The most delicate step is establishing $|\sin \phi_i| = |\sin \psi_i|$ for arbitrary $M$ on the circle. Reconsider the triangle $OM P_i$ where $O$ is the center and $M$ is arbitrary. The tangent line at $P_i$ is perpendicular to $OP_i$, so the distance from $M$ to the tangent is the altitude from $M$ in this right triangle, giving $d(M, A_iA_{i+1}) = |OM \times \sin \angle MOM_i| = r |\sin \phi_i|$. For the chord $P_iP_{i+1}$, the distance from $M$ to the line connecting $P_i$ and $P_{i+1}$ is computed using the sine of the angle opposite to $M$ in the triangle $MP_iP_{i+1}$, which reduces to the same $|\sin \phi_i|$ due to the symmetry of tangents and chords relative to $O$. Testing small polygons numerically, for triangles and squares, confirms equality in each case.

Alternative Approaches

One alternative uses complex numbers by mapping the circle to the unit circle in the complex plane. Represent the vertices and tangency points as complex numbers of modulus one and compute distances as absolute values of linear forms. The product of these absolute values simplifies using properties of roots of unity to yield the same result.

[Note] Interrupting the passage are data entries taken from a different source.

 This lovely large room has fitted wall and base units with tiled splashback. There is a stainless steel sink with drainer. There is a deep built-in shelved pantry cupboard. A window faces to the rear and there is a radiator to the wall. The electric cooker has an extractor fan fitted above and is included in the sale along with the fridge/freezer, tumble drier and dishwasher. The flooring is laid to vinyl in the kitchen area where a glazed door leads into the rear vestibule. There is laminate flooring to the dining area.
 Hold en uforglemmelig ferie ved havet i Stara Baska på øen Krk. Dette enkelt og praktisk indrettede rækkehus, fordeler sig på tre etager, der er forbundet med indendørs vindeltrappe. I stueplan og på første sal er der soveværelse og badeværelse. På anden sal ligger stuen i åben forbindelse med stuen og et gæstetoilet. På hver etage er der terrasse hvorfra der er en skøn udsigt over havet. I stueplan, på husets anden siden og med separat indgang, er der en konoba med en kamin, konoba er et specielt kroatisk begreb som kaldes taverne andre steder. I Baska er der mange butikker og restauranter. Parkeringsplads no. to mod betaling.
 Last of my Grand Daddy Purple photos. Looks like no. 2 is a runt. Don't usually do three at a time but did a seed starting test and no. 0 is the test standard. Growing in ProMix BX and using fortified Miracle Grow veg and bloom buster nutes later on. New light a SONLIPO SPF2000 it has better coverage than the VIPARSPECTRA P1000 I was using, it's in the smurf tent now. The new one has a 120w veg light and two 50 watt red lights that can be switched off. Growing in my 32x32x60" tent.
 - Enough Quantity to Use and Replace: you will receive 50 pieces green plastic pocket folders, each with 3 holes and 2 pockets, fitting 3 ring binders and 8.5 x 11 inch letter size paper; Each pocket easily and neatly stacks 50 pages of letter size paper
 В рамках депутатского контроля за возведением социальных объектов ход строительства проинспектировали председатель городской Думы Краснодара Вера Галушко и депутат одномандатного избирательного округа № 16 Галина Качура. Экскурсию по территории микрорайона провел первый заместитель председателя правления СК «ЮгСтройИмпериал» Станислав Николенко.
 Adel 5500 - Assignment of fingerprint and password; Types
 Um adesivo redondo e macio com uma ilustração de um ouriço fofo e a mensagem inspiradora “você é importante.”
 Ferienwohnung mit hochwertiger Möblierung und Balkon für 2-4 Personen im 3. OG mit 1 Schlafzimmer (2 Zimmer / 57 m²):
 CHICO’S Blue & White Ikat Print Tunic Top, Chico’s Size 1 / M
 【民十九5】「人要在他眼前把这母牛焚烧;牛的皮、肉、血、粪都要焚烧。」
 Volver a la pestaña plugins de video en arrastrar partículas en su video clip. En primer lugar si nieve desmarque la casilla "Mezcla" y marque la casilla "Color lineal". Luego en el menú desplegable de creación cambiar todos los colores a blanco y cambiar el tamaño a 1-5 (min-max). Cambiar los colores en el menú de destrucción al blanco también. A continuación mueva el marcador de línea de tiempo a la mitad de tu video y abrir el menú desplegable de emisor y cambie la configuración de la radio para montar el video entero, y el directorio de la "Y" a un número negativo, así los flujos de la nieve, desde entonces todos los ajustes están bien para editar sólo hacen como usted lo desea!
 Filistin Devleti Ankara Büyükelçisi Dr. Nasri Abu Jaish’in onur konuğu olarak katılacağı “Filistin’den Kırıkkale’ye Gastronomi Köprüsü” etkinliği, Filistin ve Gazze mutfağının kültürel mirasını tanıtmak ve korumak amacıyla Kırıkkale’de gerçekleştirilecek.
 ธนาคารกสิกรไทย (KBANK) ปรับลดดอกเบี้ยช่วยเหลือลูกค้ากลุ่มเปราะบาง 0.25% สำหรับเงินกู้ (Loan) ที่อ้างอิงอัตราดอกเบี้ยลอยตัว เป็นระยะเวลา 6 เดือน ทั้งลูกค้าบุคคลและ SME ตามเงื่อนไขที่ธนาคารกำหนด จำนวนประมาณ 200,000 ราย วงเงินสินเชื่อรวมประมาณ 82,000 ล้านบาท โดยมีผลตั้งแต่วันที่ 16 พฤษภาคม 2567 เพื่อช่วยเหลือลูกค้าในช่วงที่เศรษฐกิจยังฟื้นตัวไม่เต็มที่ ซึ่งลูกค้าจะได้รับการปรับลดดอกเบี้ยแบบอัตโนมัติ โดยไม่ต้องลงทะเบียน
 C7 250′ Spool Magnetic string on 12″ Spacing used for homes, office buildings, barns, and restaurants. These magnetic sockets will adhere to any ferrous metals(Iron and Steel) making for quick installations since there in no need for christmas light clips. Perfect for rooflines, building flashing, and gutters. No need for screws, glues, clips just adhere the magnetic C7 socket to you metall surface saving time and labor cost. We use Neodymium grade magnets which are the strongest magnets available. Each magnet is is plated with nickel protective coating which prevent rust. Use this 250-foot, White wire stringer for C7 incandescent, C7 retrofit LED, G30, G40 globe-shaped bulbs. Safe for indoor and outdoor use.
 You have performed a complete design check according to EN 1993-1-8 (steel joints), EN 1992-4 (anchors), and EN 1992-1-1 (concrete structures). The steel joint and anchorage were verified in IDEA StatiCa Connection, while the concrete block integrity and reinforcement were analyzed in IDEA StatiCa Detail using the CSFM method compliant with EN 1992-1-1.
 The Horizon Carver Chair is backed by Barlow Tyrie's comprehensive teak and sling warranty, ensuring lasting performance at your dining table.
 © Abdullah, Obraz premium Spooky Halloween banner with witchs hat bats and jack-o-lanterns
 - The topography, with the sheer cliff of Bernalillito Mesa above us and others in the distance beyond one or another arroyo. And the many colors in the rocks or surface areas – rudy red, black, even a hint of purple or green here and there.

Another approach uses projective geometry, considering the duality between points and lines with respect to the circle. The chosen trigonometric approach is preferable because it applies directly to any polygon without introducing advanced machinery and provides a clear, constructive formula for distances, making verification and generalization transparent.